Il nous est rappelé qu’il ne s’agit pas d’un spectacle mais bien d’une cérémonie religieuse et spirituelle. À ce titre, il n’est pas possible de rentrer dans la salle après le début de la cérémonie, et normalement pas possible d’en sortir avant la fin. Le calme et le silence sont aussi attendus. Ces conditions peuvent ne pas être évidentes pour de jeunes enfants (le fils de nos amis âgé de 5 ans a tenu toute la durée sans problème, soit 1 heure).
Un écran est installé au-dessus de la piste, offrant une traduction des chants.
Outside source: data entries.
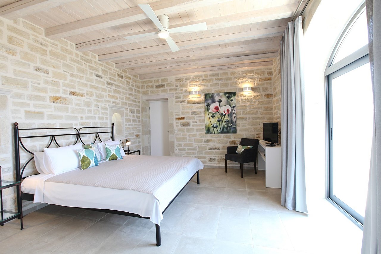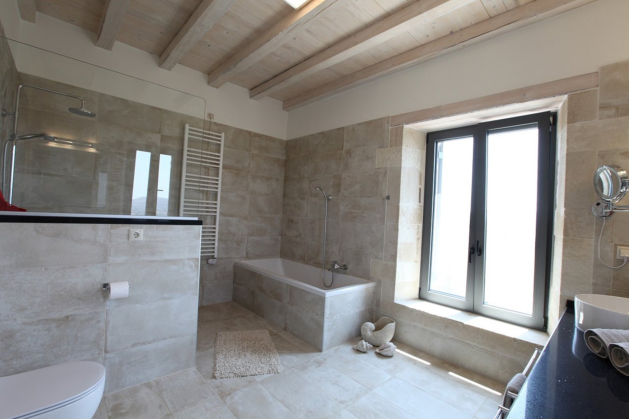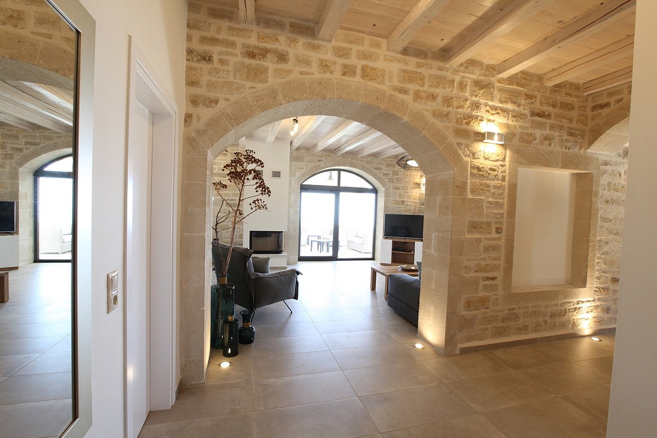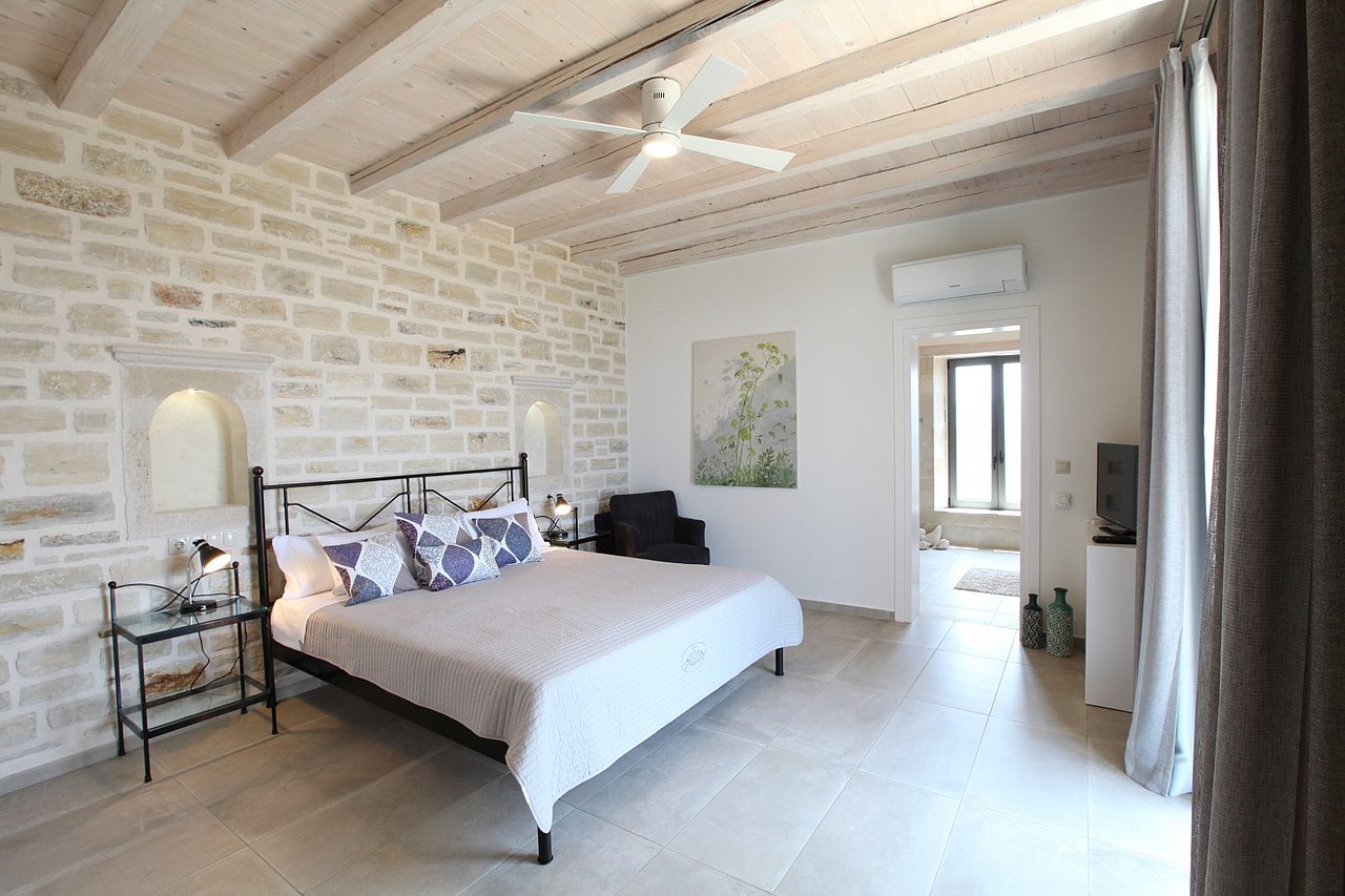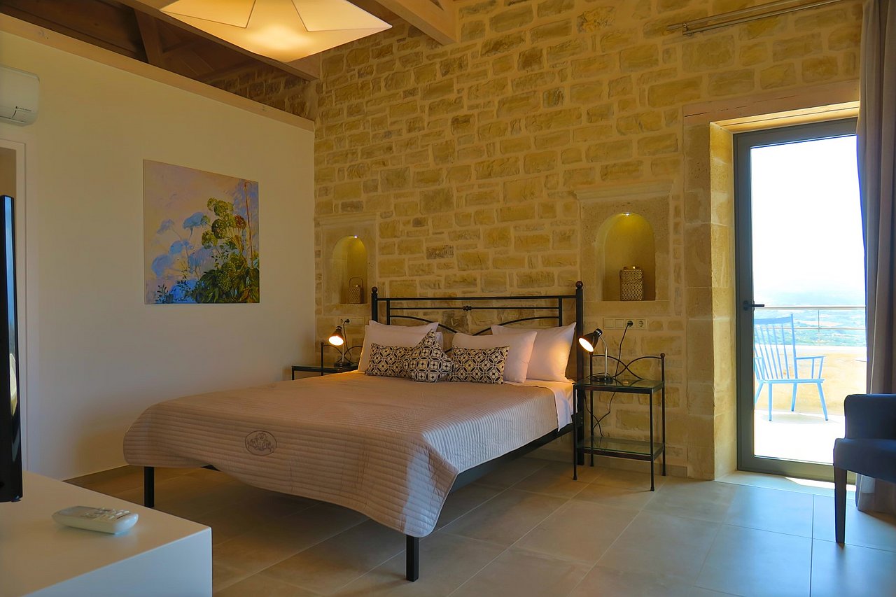 Durch die Lage am Hang befinden sich alle 3 Schlafzimmer auf verschiedenen Ebenen und bieten somit eine höchstmögliche Privatsphäre. Jedes der Schlafzimmer hat durch großzügige Panoramafenster einen grandiosen Ausblick auf das Meer, die Weißen-Berge und die Halbinsel Akrotiri. Die Ausstattung mit hochwertigen Matratzen und handgeschmiedeten, landestypischen Betten garantierten hohen Schlafkomfort. Zwei der Betten besitzen die Größe 180 cm x 200 cm, für Menschen mit etwas mehr Platzbedarf steht in einem der Schlafzimmer ein Bett in Größe 200 cm x 210 cm zur Verfügung.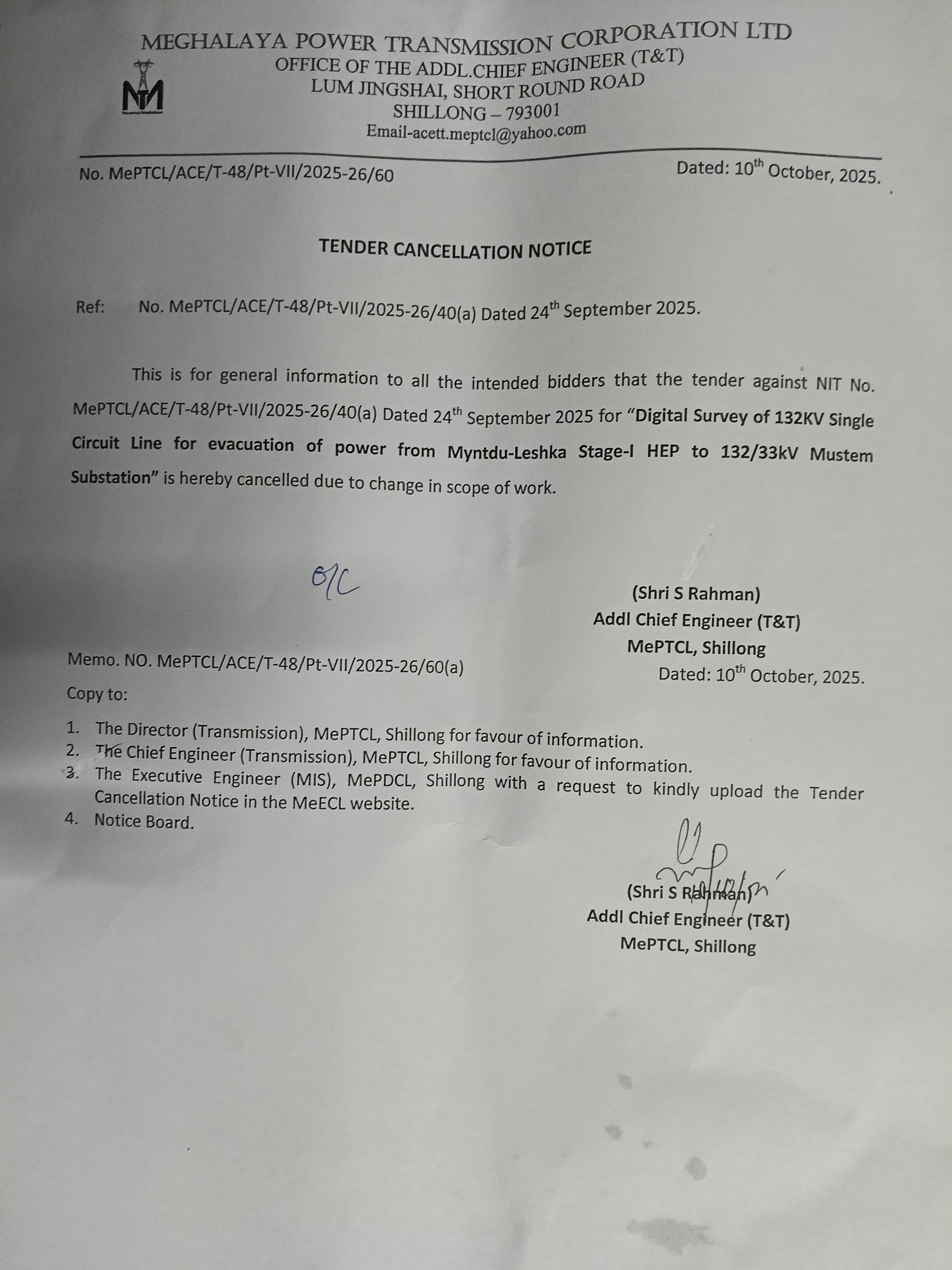 Notice: Cancellation of tender for the work “Digital survey of 132KV Single Circuit line for evacuation of power from Myntdu-Leshka Stage-I HEP to 132/33KV Mustem Substation” by Editor_1 | Oct 11, 2025 | News Loading... Taking too long? Reload document | Open in new tab View | Download [486.30 KB]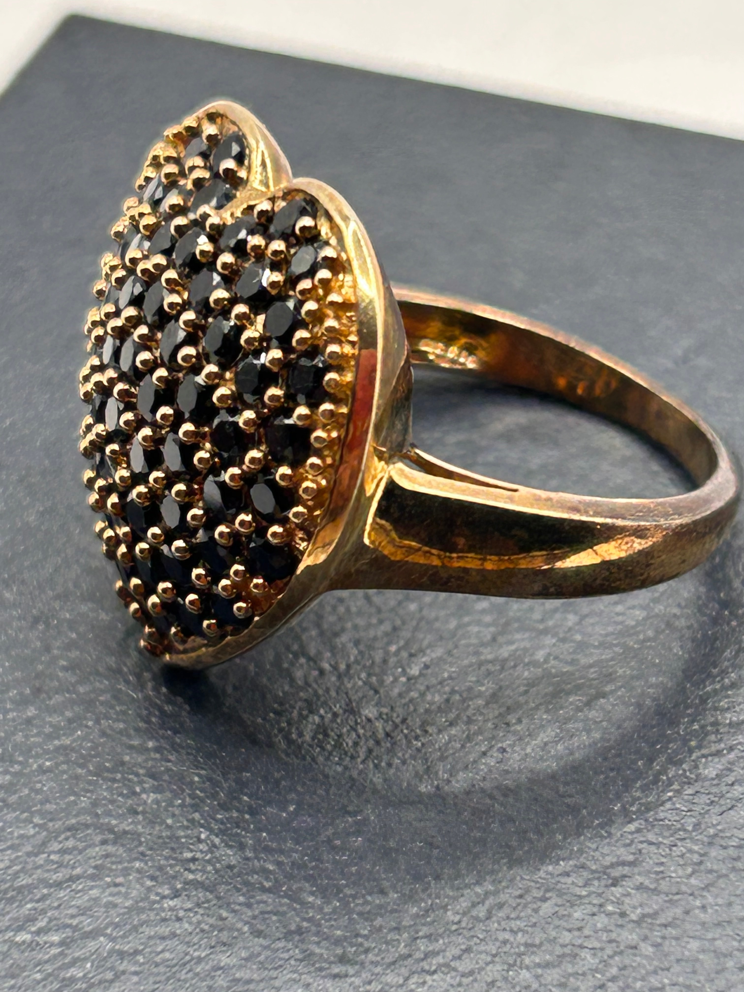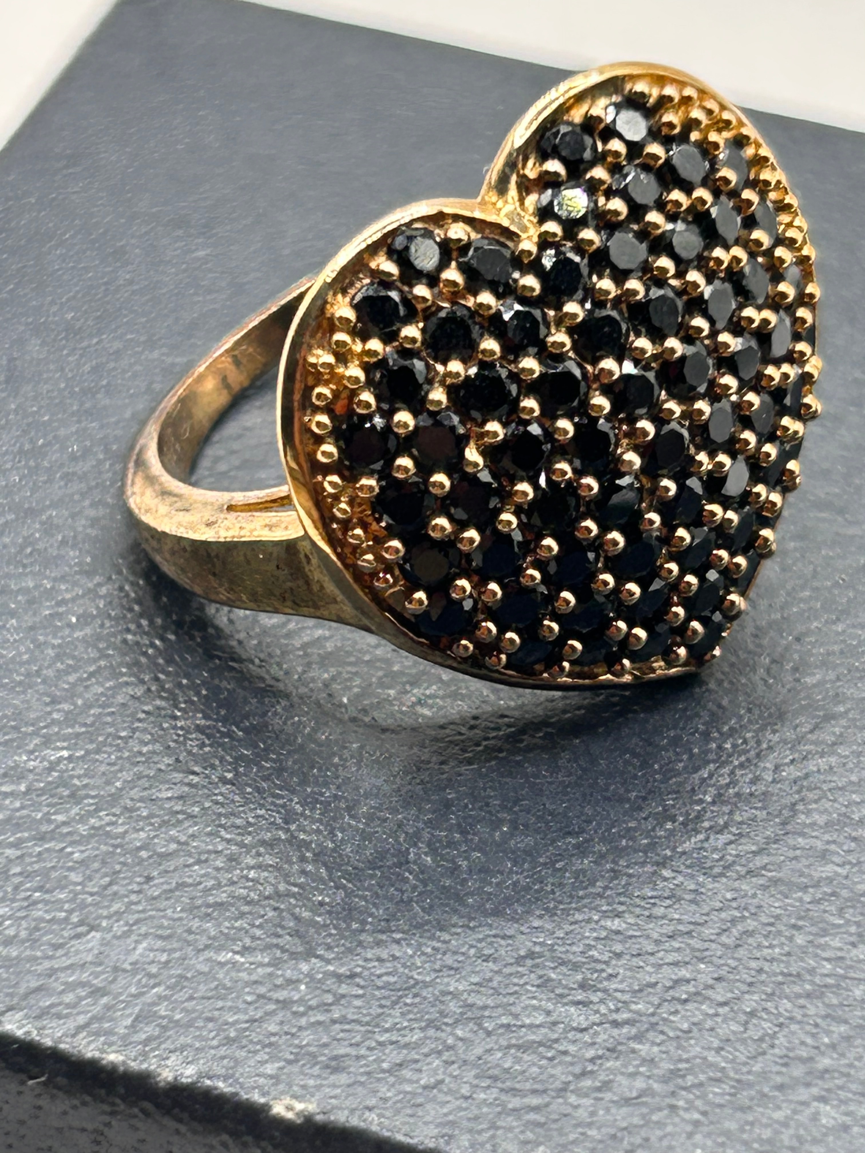 A heart-shaped finger ring, crafted from silver with a yellow-toned gold plating (vermeil). The interior of the band is marked ‘925’. The prominent heart-shaped bezel is entirely encrusted with numerous small, round-cut black stones, set closely in a cluster or pavé style. Based on market comparables and consensus keywords, these stones are consistent with black diamonds.

Le Mutriban, orchestre d’instruments traditionnels
La danse, la musique et la poésie ont une place prépondérante dans la philosophie des derviches tourneurs, c’est donc naturellement qu’elles prennent place lors des cérémonies. Le mutriban, orchestre d’instruments traditionnels et de chanteurs, va accompagner les derviches vers leur état de transe. Parmi les différents instruments, on peut citer le ney, le tandûr et le daf.
Le ney
Le ney est une flûte en bois de roseau, c’est l’instrument par excellence de la cérémonie des derviches tourneurs en Turquie.
Le daf
Le Daf est une sorte de tambourin, il va rythmer la danse des derviches.
Le tandûr
Instrument à cordes, il est composé d’une caisse ovale et d’un manche plus ou moins long.
Les chanteurs
Ils entonnent des versets du Coran ou des poèmes de Rumi.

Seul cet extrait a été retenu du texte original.